A high-powered San Francisco finance manager was arrested — but appears not to be facing serious charges — Tuesday after allegedly pretending to be a TSA officer and leading at least two female travelers to a private security screening room at San Francisco International Airport.

KTVU reports that 53-year-old SF resident Eric Slighton had a ticket to Hong Kong when he, according to the police report, was allegedly was seen "waving at and entering the private screening room" with an Asian female traveler near the exit of the Area A security checkpoint in SFO's International Terminal before performing an unauthorized pat down.

He attracted the attention of a Covenant Security (the private company contracted by the TSA to secure SFO) staffer when he reportedly attempted to ensnare a second woman.

According to Matier & Ross, "male screeners are prohibited from taking women into the booth for a pat-down without a female screener also being present."

This isn't the first time that things appear to have fallen through the cracks for Covenant: an SF Examiner investigation from 2013 "documented numerous worker allegations about high-risk bags being routinely loaded onto planes at SFO each day without any human inspection."

In Tuesday's case, KCBS reports that Slighton had passed through security some hours earlier, and had been seen drinking in one of the airport bars.

M&R reported late Thursday morning that at the time of his arrest, Slighton was carrying business cards that listed him as a partner at Aktis Capital Singapore.

According to the Aktis website, which lists Slighton as "Director":

Prior to his role as director and partner of Aktis Singapore, Eric Slighton was Managing Director of Barclays Capital in Hong Kong where he headed Asia Credit Trading and built Barclay’s Asia Credit Derivatives Trading & Structuring business.
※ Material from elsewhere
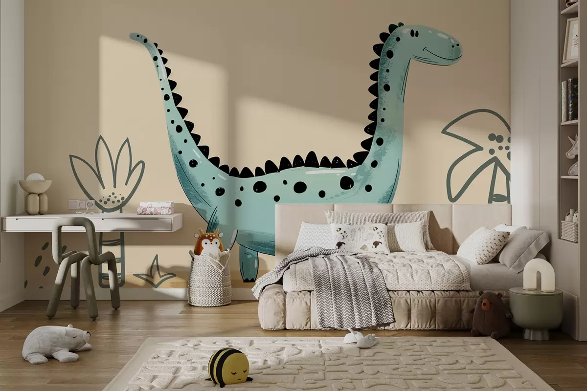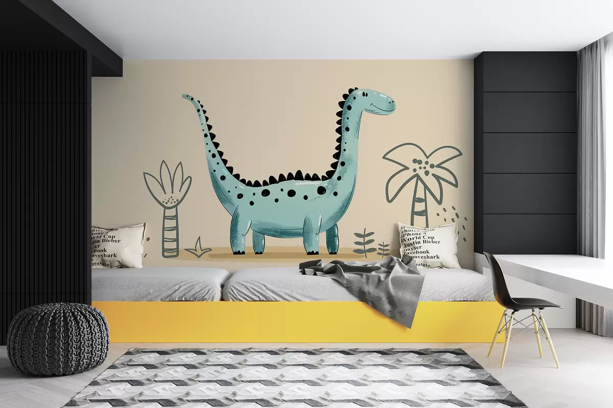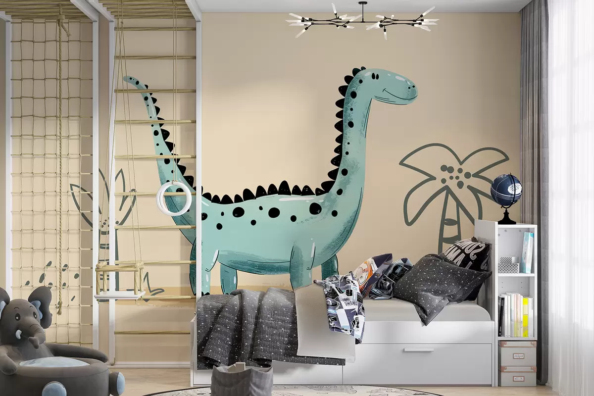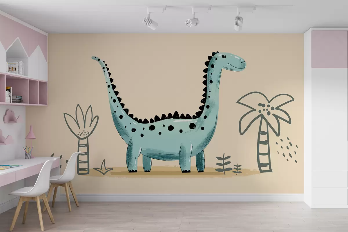Fototapeter Søt dinosaur på en beige bakgrunn med palmer Nr. w01357v1

From 1996 to 2000 he was Managing Director at Deutsche Bank in Hong Kong, where he was one of the original Managing Director charged with transforming the bank’s Asia branch business into an international investment banking franchise. By 2000, he was Head of Deutsche Bank’s Asian Fixed Income and Foreign Exchange Sales overseeing a team of over 100 finance professionals across nine countries. Prior to this, he spent 10 years with Merrill Lynch in New York and Hong Kong in fixed income analytics, debt and equity derivatives trading and debt capital markets. In addition, Mr. Slighton has direct experience with independent entrepreneurship as co-founder and CEO of ComMira e-Solutions (San Francisco), a company specializing in business-process automation software.

When reached by phone, Slighton's father told M&R that "There was a time in the past when had drinking problem, but that was 10 years ago,...To the best of my knowledge, he doesn't drink at this time."
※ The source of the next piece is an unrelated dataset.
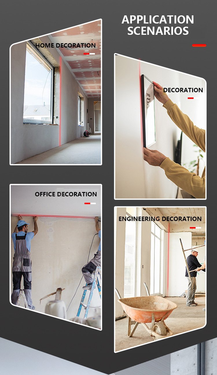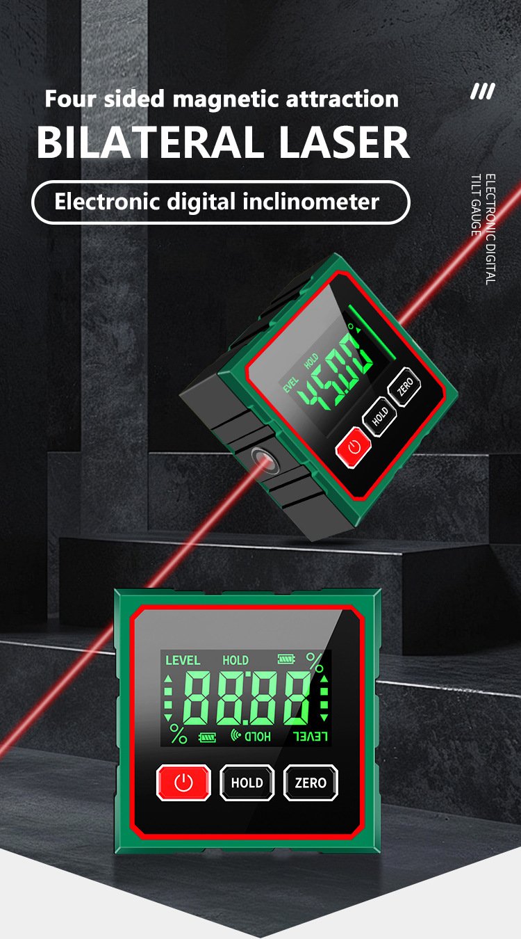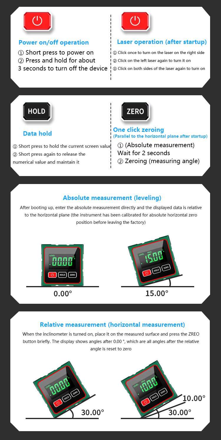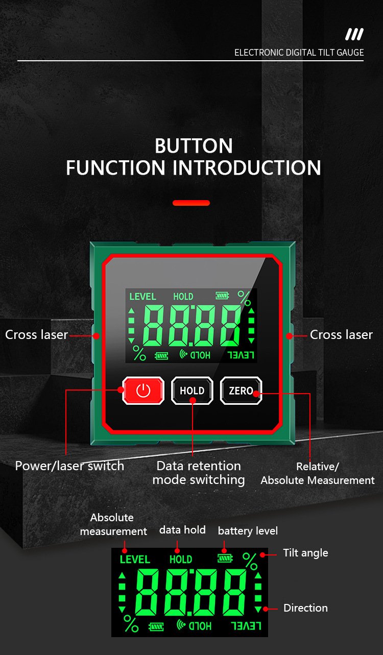 【Two-Sided Laser Line】The built-in red laser lines of the digital level on both sides are effective and convenient to carry out the horizontal and symmetrical work of home decoration. Three buttons can activate the red laser line, switch the unit of the measured value, hold the measured value, and zeroing function to realize relative measurement.

Airport law enforcement sources told M&R that Slighton, who has addresses in both SF and Hong Kong, later entered the security area in khaki pants, a blue polo shirt and blue rubber gloves that KCBS believes he "may have swiped...to look the part."

"They will be (investigating) this for a week," an anonymous law enforcement source told M&R. "Someone has to pay for this."

However, that "someone" is unlikely to be Slighton, himself. Since neither police nor Covenant staffers were able to track down the women Slighton had allegedly scammed or pawed, he was arrested only for public drunkenness and "suspicious occurrence." Unless the women come forward, those are the only charges he's likely to ever face.